Título: Aposentadoria, época do trabalho voluntário
Autor: Emílio Sant'Anna
Fonte: O Estado de São Paulo, 24/03/2006, Vida&, p. A20

Centro paulistano vê em colaboradores idosos a vantagem de ampla experiência profissional e tempo disponível

A mudança drástica no cotidiano de quem se aposenta é apontada como uma das responsáveis pela depressão na terceira idade. Mas o problema da falta de atividades criativas e da busca de metas pode ser resolvido pelo trabalho voluntário. As entidades estão percebendo o valor da experiência profissional e de vida dos mais velhos - além das vantagens da maior flexibilidade de horário.

Uma vez por semana, Pérola Jankeluvicius, de 79 anos, sai cedo de casa para encontrar as amigas Sara Szumlewicz e Ester Sebag na instituição beneficente israelita Ten Yad, no Bom Retiro. As três fazem parte de um grupo de 350 voluntárias, a maioria idosas.

Seu trabalho é ajudar a cortar, empacotar e coordenar o trabalho de distribuição de pães. Ali ela passa quase três horas do dia. Enquanto uma corta os pães, as outras duas os empacotam e acondicionam nas caixas que seguirão com refeições levadas para bairros da periferia ou na baixada do Glicério, no centro de São Paulo.

Para Pérola, lidar com a falta de ocupação após a aposentadoria não foi fácil. "No primeiro dia depois de parar de trabalhar, acordei e fui conferir em minha agenda os compromissos", diz. "Comecei a chorar quando vi que não tinha nada para fazer." Ela encara o voluntariado como terapia. "É a instituição que me ajuda, e não o contrário."

O geriatra da Universidade Federal de São Paulo (Unifesp) Clineu de Mello Almada Filho chama atenção para a importância desse tipo de trabalho. "Essa geração não diversificou suas atividades antes da aposentadoria. O trabalho voluntário é uma possibilidade de resgate da auto-estima."

REFERÊNCIA

O Centro de Voluntariado de São Paulo (CVSP) encaminha todo mês, em média, 300 pessoas de todas as idades para 660 organizações sociais cadastradas. O centro também abriga 55 voluntários, 11 deles com mais de 65 anos.

Stella Tetreault, de 71 anos, biblioteconomista aposentada, é uma delas. Há quatro anos no CVSP, diz não se acostumaria a viver sem trabalhar. "Só vou parar quando não tiver condições de trabalhar bem", explica.
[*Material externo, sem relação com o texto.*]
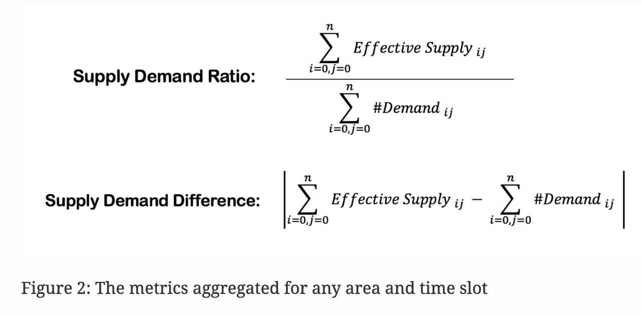 위의 방법을 통해 지도 상의 각각의 영역과 모든 time slot에 대해서 수요와 유효 공급을 집계할 수 있고 2가지 지표를 만들 수 있습니다. 수요 대비 공급(Supply Demand Ratio)와 수요 공급 차이(Supply Demand Difference)라는 2가지 지표를 만들 수 있습니다.
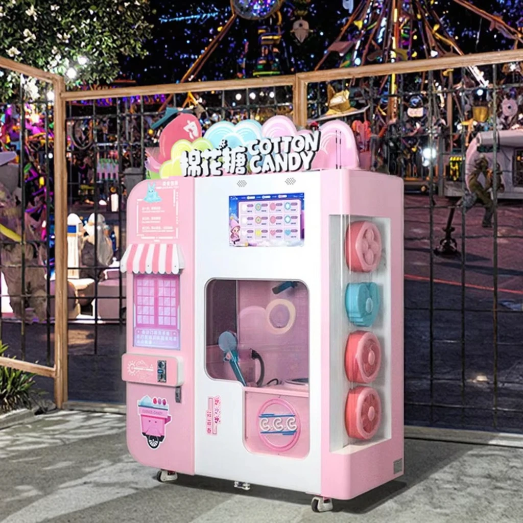 Volledig geautomatiseerde slimme suikerspinkiosk met digitaal touchscreen, nieuwstaat - voor buitenbedrijven met zelfbediening

Segundo Eliane Lemos, coordenadora de capacitação e do programa de voluntariado do CVSP, a vantagem dos voluntários mais velhos é a experiência que os mais novos não têm, além da maior disposição de tempo.

REMÉDIOS OU COMIDA

Freqüentando as reuniões de uma associação de aposentados e pensionistas no centro do Rio, Jorge Cramper, de 80 anos, decidiu montar ele mesmo um serviço de ajuda voluntária ao perceber as dificuldades econômicas de seus colegas. Para muitos, comprar remédios com pouco mais de um salário mínimo de aposentadoria era impossível. Como Cramper trabalhou em uma multinacional do setor farmacêutico por mais de 40 anos, resolveu criar um banco de remédios na sede da associação.
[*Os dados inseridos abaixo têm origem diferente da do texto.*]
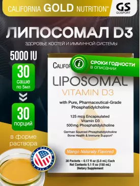 Витамин D Liposomal Vitamin D3 125 mcg (5000 IU) 30 пакетиков х 5 мл, манго California Gold Nutrition Подписка на товар Артикул 37078
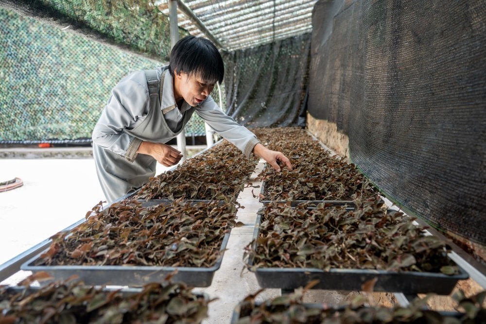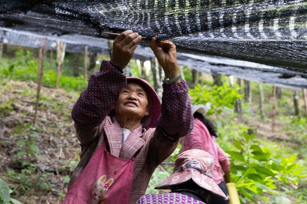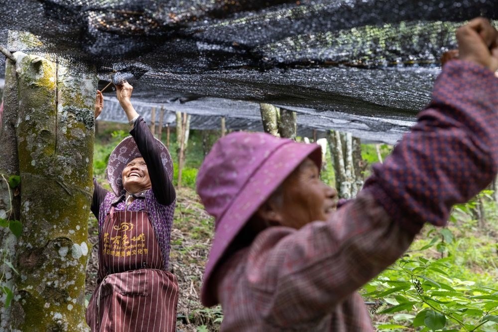 7月27日,工作人員在云南西疇縣西灑鎮(zhèn)的中藥材基地修補(bǔ)遮陽網(wǎng)。新華社記者 呂帥 攝

Após nove anos de voluntariado, Cramper contabiliza 45 mil doações e hoje conta com a ajuda de mais 12 pessoas. "Tem associado que precisa tomar até 18 remédios por dia", diz ele. "Ou come ou compra os medicamentos."
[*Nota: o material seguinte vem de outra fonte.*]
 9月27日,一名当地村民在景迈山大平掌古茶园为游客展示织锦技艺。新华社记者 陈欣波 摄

Todas as doações são feitas apenas com a apresentação da receita e do nome do médico. Em 2001, Cramper ganhou o concurso Talentos da Maturidade, do Banco Real, na categoria Programas Exemplares, por seu trabalho social. "Para mim a recompensa é a satisfação de um idoso ao receber um remédio que não poderia comprar."